As described above, according to the present invention, firstly, the original clock is frequency-divided by a digital frequency division counter to create a frequency-divided clock, and the frequency-divided clock of the own system is divided by the majority vote of the frequency-divided clocks of the three systems. The division counter is digitally controlled according to the comparison result so that the values are equal in the system, and the division counter is immediately controlled by the original clock input immediately after the majority result is output, so synchronization is achieved.
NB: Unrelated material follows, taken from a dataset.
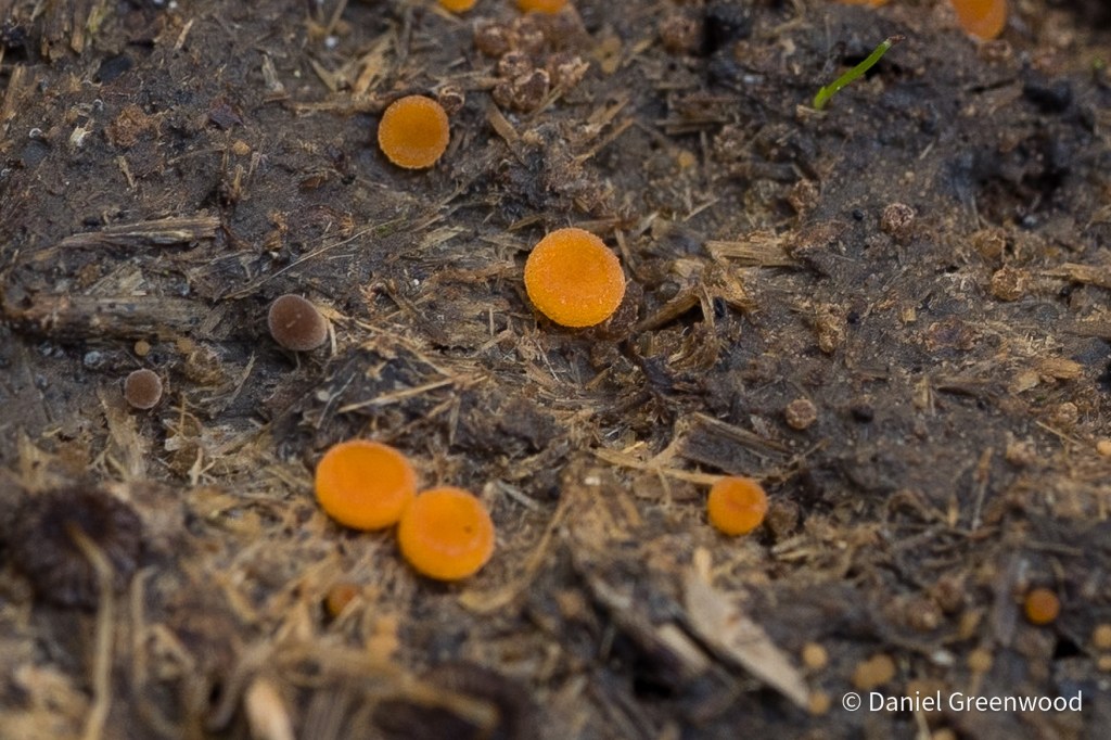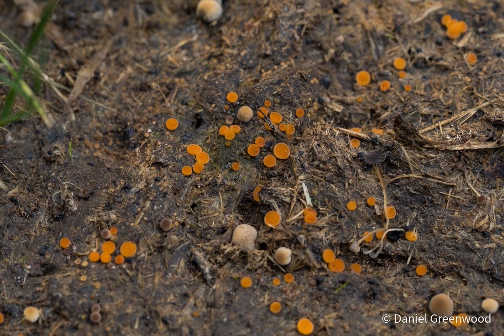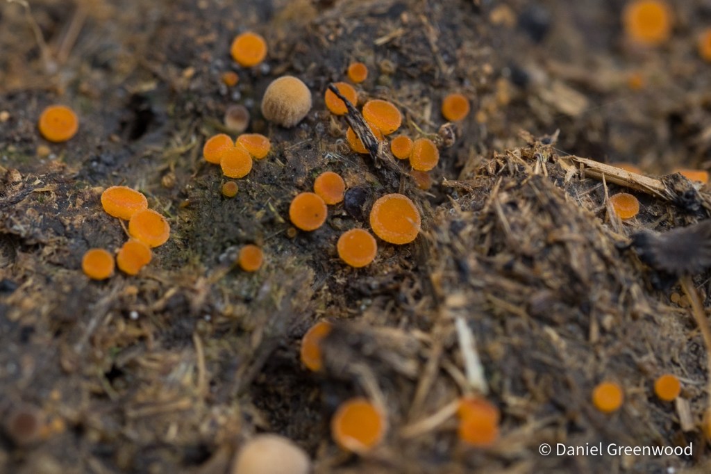 I spotted these little orange discs on a cow pat. They’re likely in the group Cheilymenia. The little mushrooms are probably fairy inkcaps.

The response speed to misalignment is extremely fast.

Second, the frequency of the majority clock obtained after synchronizing the frequency-divided clocks of each system is doubled, and the frequency-multiplied clock is used as the basic clock of the device, so even when supplying a high-frequency basic clock, There is no need to use a particularly high-frequency one for the original clock generation circuit, and therefore there is no need to use a special and expensive logic element with a particularly high operating speed in the frequency division synchronization section, and there is no need to use a special and expensive logic element with a particularly high operating speed. A clock synchronization scheme can be provided. In addition, since the majority clock is frequency-multiplied and used as the basic clock of the device, by setting the multiplication rate arbitrarily, the frequency of the basic clock can be easily and widely changed.
The synchronization method of the present invention can be easily applied to devices having widely different processing speeds.

[Brief explanation of the drawing]

Figure 1 is a block diagram showing a triple clock system;
FIG. 3 is a clock synchronization circuit diagram of the first system, FIG. 3 is a time chart showing one aspect of triple system synchronization, and FIG. 4 is a time chart showing an example in which the frequency of the majority clock is multiplied by eight. A, B, C... system, a, b, c... clock synchronous circuit,
a. ...Frequency division synchronization section, a2... Frequency doubling section, 1
・・・・・・Divide counter, 2・・・・Majority circuit,
3... Counter control circuit, s. ...Enable signal, s...Load signal, s3...
・Preset data. Figure 1 Figure 2 Figure 3 Figure 4 total

Claims (1)

[Claims] 1 In each system, the original clock pulse is divided by a digital frequency division counter to create a frequency-divided clock pulse,
The frequency divided clock pulse of the own system is compared with the majority decision result of the frequency divided clock pulse of the three systems, and according to the comparison result, the frequency division counter is controlled so that its value is equal between the systems, and the frequency of the majority decision result is doubled. A clock pulse synchronization method in a triple system, characterized in that the frequency-multiplied clock pulse is used as a basic clock pulse of a processing device.